### DATA FOR THE TASK:
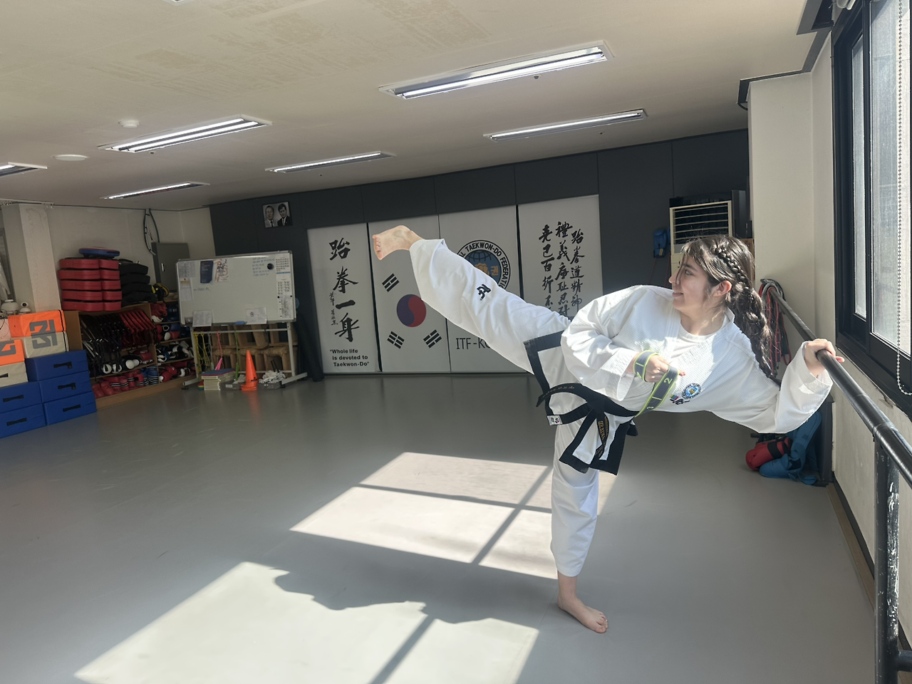 이제는 진통제를 먹지 않아도, 앉고 일어서는데 불편이 덜하고, 속옷과 바지도 서서 입을수 있게 되었다. 요즘 세상 말로 그라데이숀이 옅어진다 하던가. 아직도 특정 동작이나.발차기를 할때 왼쪽 허리가 찌르르 울릴때가 있으나, 아픔이 갈수록 옅어지며, 할수 있는 동작들이 많아지니.좋다. 어찌.보면 소은이 어릴때 눕던 것이 엎드리고, 엎드린것이 기어가고, 기어가던 것이 서고 걷고 뛰는 모습이 생각나 비적이 혼자 탈의실에서 웃었다. 팔순의 강 선생님이 허리 도로 덧난다며 야단하셨지만, 팔굽혀펴기 3종 겸하여 원효부터 충무까지 유급자 틀 나머지, 그리고 칠레 처녀 가비의 충장 틀을 두.번 알려주었다. 높은 발차기가 없는만큼 낮은 자세에서의 중심이 중요한 틀이다.
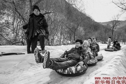 “这个雪道有坡度还有拐弯,速度很快,很刺激。”来景区滑雪的李海涛刚从滑雪圈里站起来,就迫不及待地往坡上走,准备再滑一趟。和他一起来的还有6岁的小孙子。李海涛告诉记者,春节到现在他已经来了3次,每次回去,孙子都说没滑够还要来。
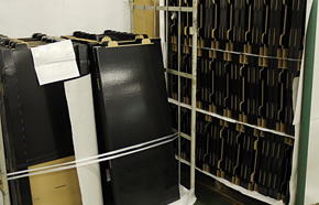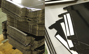 グルアー で背面スタンドまで取り付けた製品を、折り・チェックを行うコンベアに流しそのままパッキング。特にラミーナを導入してからは、等身大POPは在庫をつくらず糊貼り工程から段ボールにそのままに入り出荷されているという。過程在庫が発生するとスペースも必要だが、在庫したものをさらに別の人間が取りに行く、など時間のムダが発生する。加工の開始から輸送までを一度で終わらせるその生産力とスピードが、他社との違いを圧倒的なものにしている。
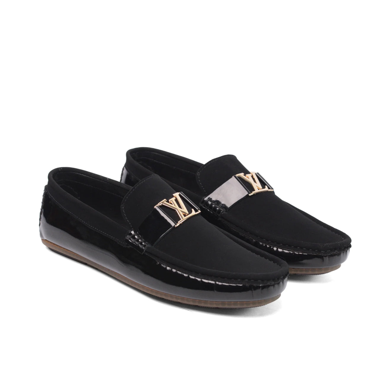 Designed for those who appreciate refined footwear, these black suede loafers offer a sleek and polished look. The combination of a soft suede upper and glossy detailing creates a versatile style that pairs effortlessly with a range of outfits. Whether for special occasions or everyday wear, these loafers provide both class and comfort.
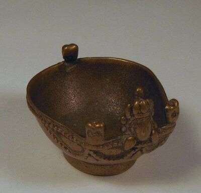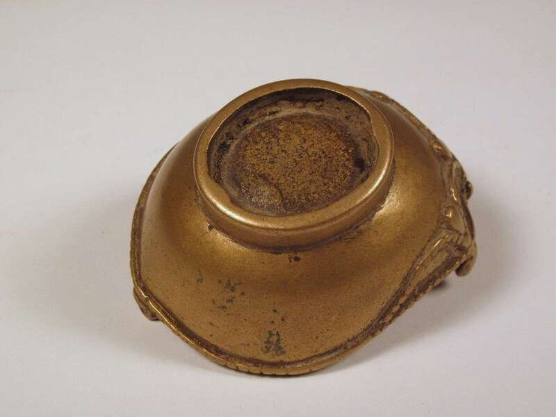The slightly oblong footed cup cast with the head of a bodhisattva and three sculls to rim.
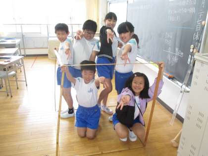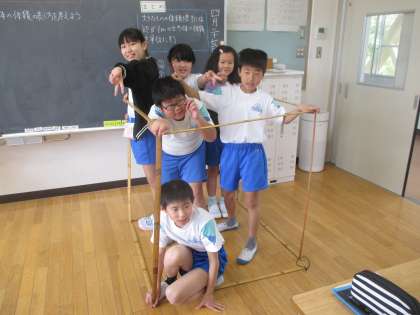 5年生は算数科で立方体の学習をしています。今日は1メートルものさしを使って、1立方メートルの立方体を作る学習をしました。みんなで協力してきれいな立方体を作ることができました!
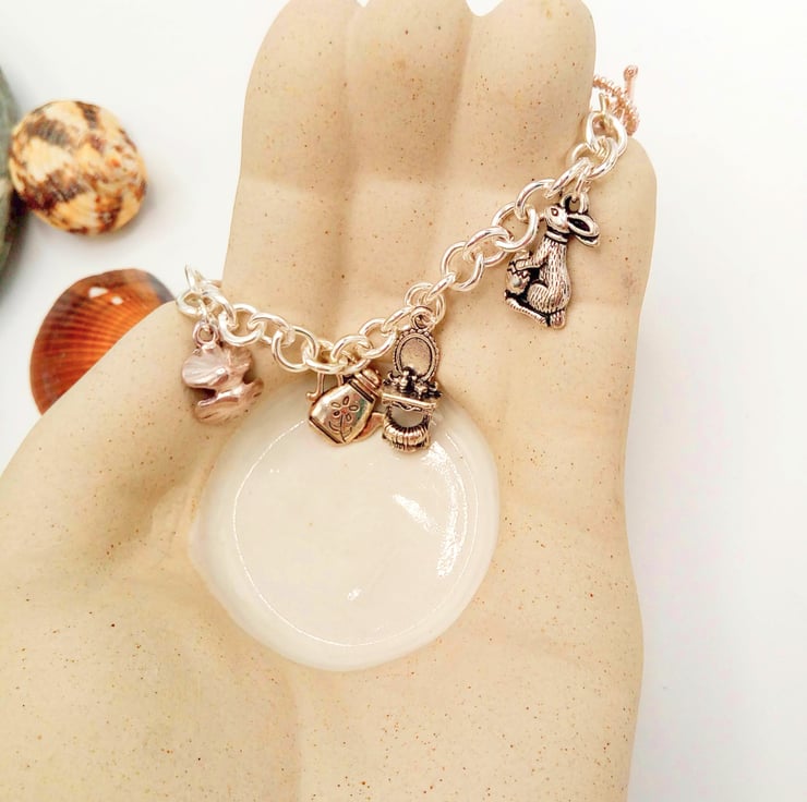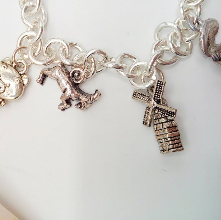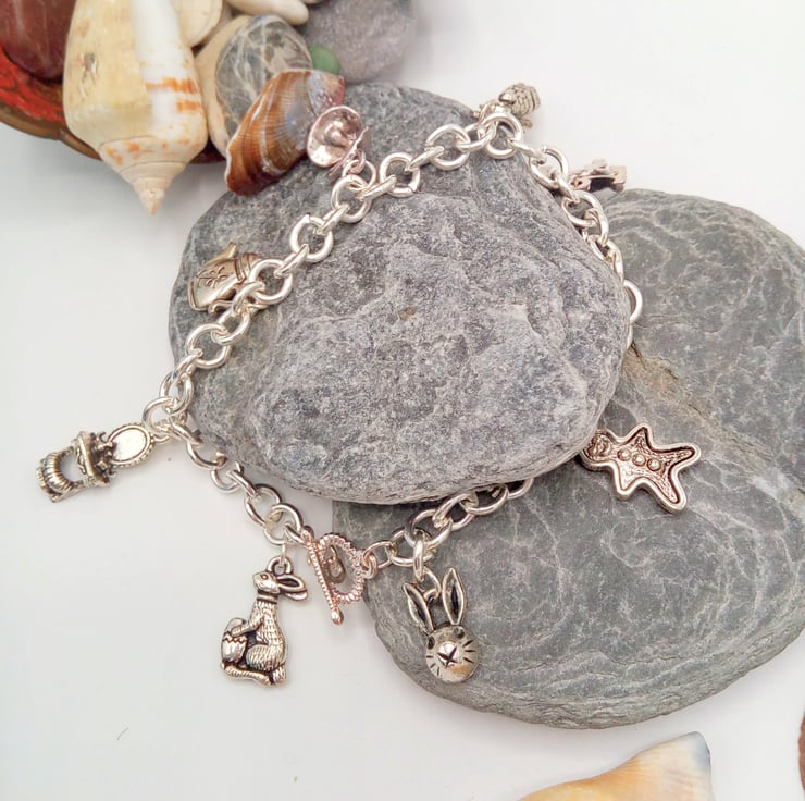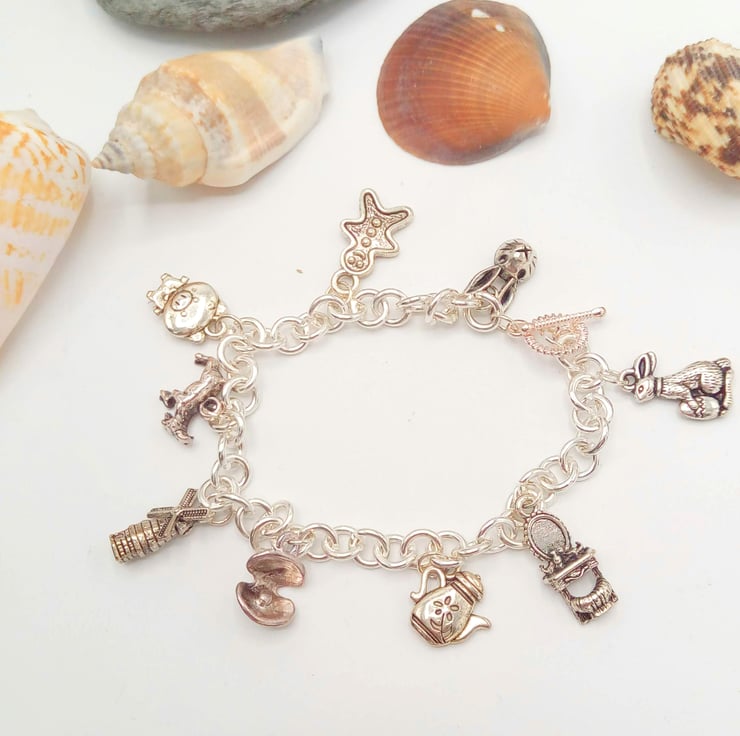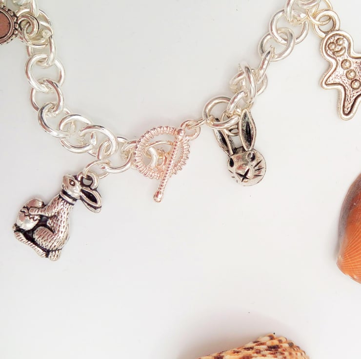 This very pretty charm bracelet or anklet, called "Fairy Tales" will add a fun touch to any casual, beach or everyday outfit you choose to wear. It would also make a lovely gift for someone special, or a treat for yourself. The bracelet or anklet is made using the following silver plated charms: Rabbit's Head, Gingerbread Man, Piggy, Goat, Windmill, Clam Shell with Pearl, Coffee Pot, Dressing Table, Rabbit, all hung on a silver plated chain. The Bracelet is 7.5 inches (19 cm) in circumference and has a silver plated toggle clasp. The bracelet will be dispatched wrapped in tissue paper in an organza bag, and delivered to you via Royal Mail first class post.
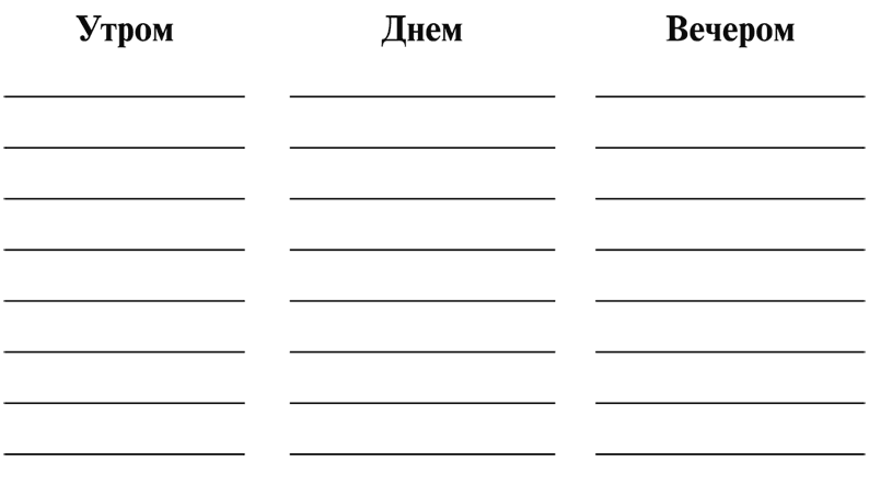 Теперь несколько минут подумайте, что вы просите ребенка делать или не делать в течение обычного дня. Затем перечислите все эти ежедневные «сделай» и «не делай» в отведенном ниже пространстве на странице.
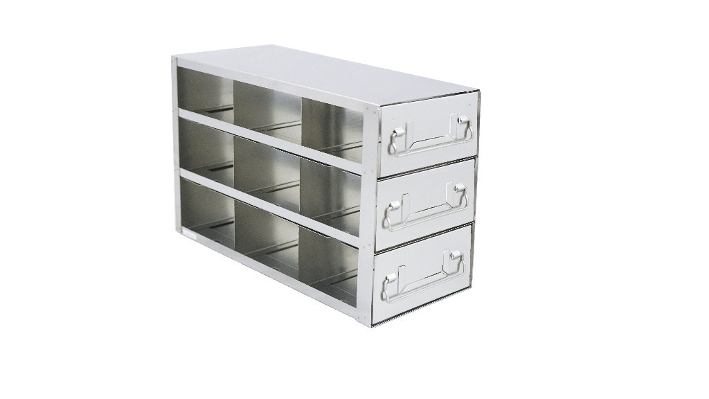 Our upright freezer drawer racks are designed to hold 3" boxes and are made with the highest levels of quality using pharmaceutical grade stainless steel, double welds, smoothed edges, and come with an unconditional lifetime warranty.

### INSTRUCTIONS TO FOLLOW:
Repeat the material verbatim. Do not carry over any picture.

### COMPLETED EXERCISE:
 이제는 진통제를 먹지 않아도, 앉고 일어서는데 불편이 덜하고, 속옷과 바지도 서서 입을수 있게 되었다. 요즘 세상 말로 그라데이숀이 옅어진다 하던가. 아직도 특정 동작이나.발차기를 할때 왼쪽 허리가 찌르르 울릴때가 있으나, 아픔이 갈수록 옅어지며, 할수 있는 동작들이 많아지니.좋다. 어찌.보면 소은이 어릴때 눕던 것이 엎드리고, 엎드린것이 기어가고, 기어가던 것이 서고 걷고 뛰는 모습이 생각나 비적이 혼자 탈의실에서 웃었다. 팔순의 강 선생님이 허리 도로 덧난다며 야단하셨지만, 팔굽혀펴기 3종 겸하여 원효부터 충무까지 유급자 틀 나머지, 그리고 칠레 처녀 가비의 충장 틀을 두.번 알려주었다. 높은 발차기가 없는만큼 낮은 자세에서의 중심이 중요한 틀이다.
 “这个雪道有坡度还有拐弯,速度很快,很刺激。”来景区滑雪的李海涛刚从滑雪圈里站起来,就迫不及待地往坡上走,准备再滑一趟。和他一起来的还有6岁的小孙子。李海涛告诉记者,春节到现在他已经来了3次,每次回去,孙子都说没滑够还要来。
 グルアー で背面スタンドまで取り付けた製品を、折り・チェックを行うコンベアに流しそのままパッキング。特にラミーナを導入してからは、等身大POPは在庫をつくらず糊貼り工程から段ボールにそのままに入り出荷されているという。過程在庫が発生するとスペースも必要だが、在庫したものをさらに別の人間が取りに行く、など時間のムダが発生する。加工の開始から輸送までを一度で終わらせるその生産力とスピードが、他社との違いを圧倒的なものにしている。
 Designed for those who appreciate refined footwear, these black suede loafers offer a sleek and polished look. The combination of a soft suede upper and glossy detailing creates a versatile style that pairs effortlessly with a range of outfits. Whether for special occasions or everyday wear, these loafers provide both class and comfort.
The slightly oblong footed cup cast with the head of a bodhisattva and three sculls to rim.
 5年生は算数科で立方体の学習をしています。今日は1メートルものさしを使って、1立方メートルの立方体を作る学習をしました。みんなで協力してきれいな立方体を作ることができました!
 This very pretty charm bracelet or anklet, called "Fairy Tales" will add a fun touch to any casual, beach or everyday outfit you choose to wear. It would also make a lovely gift for someone special, or a treat for yourself. The bracelet or anklet is made using the following silver plated charms: Rabbit's Head, Gingerbread Man, Piggy, Goat, Windmill, Clam Shell with Pearl, Coffee Pot, Dressing Table, Rabbit, all hung on a silver plated chain. The Bracelet is 7.5 inches (19 cm) in circumference and has a silver plated toggle clasp. The bracelet will be dispatched wrapped in tissue paper in an organza bag, and delivered to you via Royal Mail first class post.
 Теперь несколько минут подумайте, что вы просите ребенка делать или не делать в течение обычного дня. Затем перечислите все эти ежедневные «сделай» и «не делай» в отведенном ниже пространстве на странице.
 Our upright freezer drawer racks are designed to hold 3" boxes and are made with the highest levels of quality using pharmaceutical grade stainless steel, double welds, smoothed edges, and come with an unconditional lifetime warranty.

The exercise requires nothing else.